Population (2024 census)
- • Total: 116,652
- • Density: 329.11/km^{2} (852.38/sq mi)
- • Households: 19,353

Economy
- • Income class: 3rd city income class
- • Poverty incidence: 27.2% (2023)
- • Revenue: ₱ 932.7 million (2024)
- • Assets: ₱ 1,806 million (2024)
- • Expenditure: ₱ 783.8 million (2024)
- • Liabilities: ₱ 813.1 million (2024)

Service provider
- • Electricity: Basilan Electric Cooperative (BASELCO)
- Time zone: UTC+8 (PST)
- ZIP code: 7302
- PSGC: 150702000
- IDD : area code: +63 (0)62
- Native languages: Chavacano Yakan Tagalog
- Website: lamitancity.gov.ph

= Lamitan =

Capital city (de jure) of Basilan, Philippines

Lamitan, officially the City of Lamitan (Chavacano: Ciudad de Lamitan; Yakan: Siyudad Lamitanin; Tausūg: Dāira sin Lamitan; Lungsod ng Lamitan), is a component city and de jure capital of the province of Basilan, Philippines. According to the 2024 census, it has a population of 116,652 people.
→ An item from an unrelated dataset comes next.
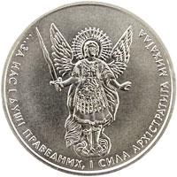 На реверсе монет изображён Архангел Михаил, который является одним из самых почитаемых библейских персонажей, победителем зла, покровителем воинов, сражающихся за правое дело. По кругу размещена надпись укр. …ЗА НАС І ДУШІ ПРАВЕДНИХ, І СИЛА АРХІСТРАТИГА МИХАЇЛА (строки из поэмы Т. Г. Шевченко «Гайдамаки»).[12]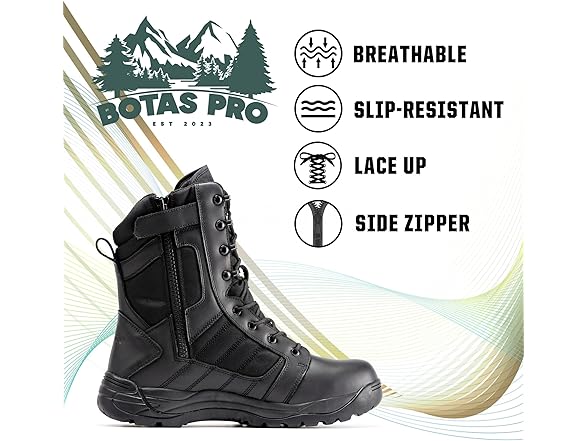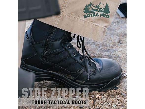 BOTAS PRO Tactical Boots for Men 8 inch Side Zipper Lightweight Comfortable Military Hiking Boots(BMP110BK-14)

The city is bordered on the east by the municipality of Tuburan, on the south by Tipo-Tipo, on the west by Isabela and on the north by Basilan Strait.

==Etymology==
Lamitan is derived from the word Lami-Lamihan, which signifies a combination of Merrymaking and Conference. The town was named after the first Spaniards from Isabela who blew up the area. When the Spaniards arrived, the Yakan people were celebrating their national holiday. The explorers asked for the name of the place; the Yakan assumed they were asking about the merrymaking and explained that it was the Lami-Lamihan celebration; the Spaniards misunderstood their response and later referred to the location as Lamitan.

==History==

===Early history===
According to royal genealogical records, colonial accounts, and modern historical scholarship, Basilan, historically known as Taguima, developed as an important regional trade center in the precolonial period. Its strategic position between the Sulu Archipelago, northern Borneo, and mainland Southeast Asia placed Taguima at the intersection of major maritime trade and migration routes. The authority of Datu Taguima reflects the island’s early political importance and active participation in regional commerce.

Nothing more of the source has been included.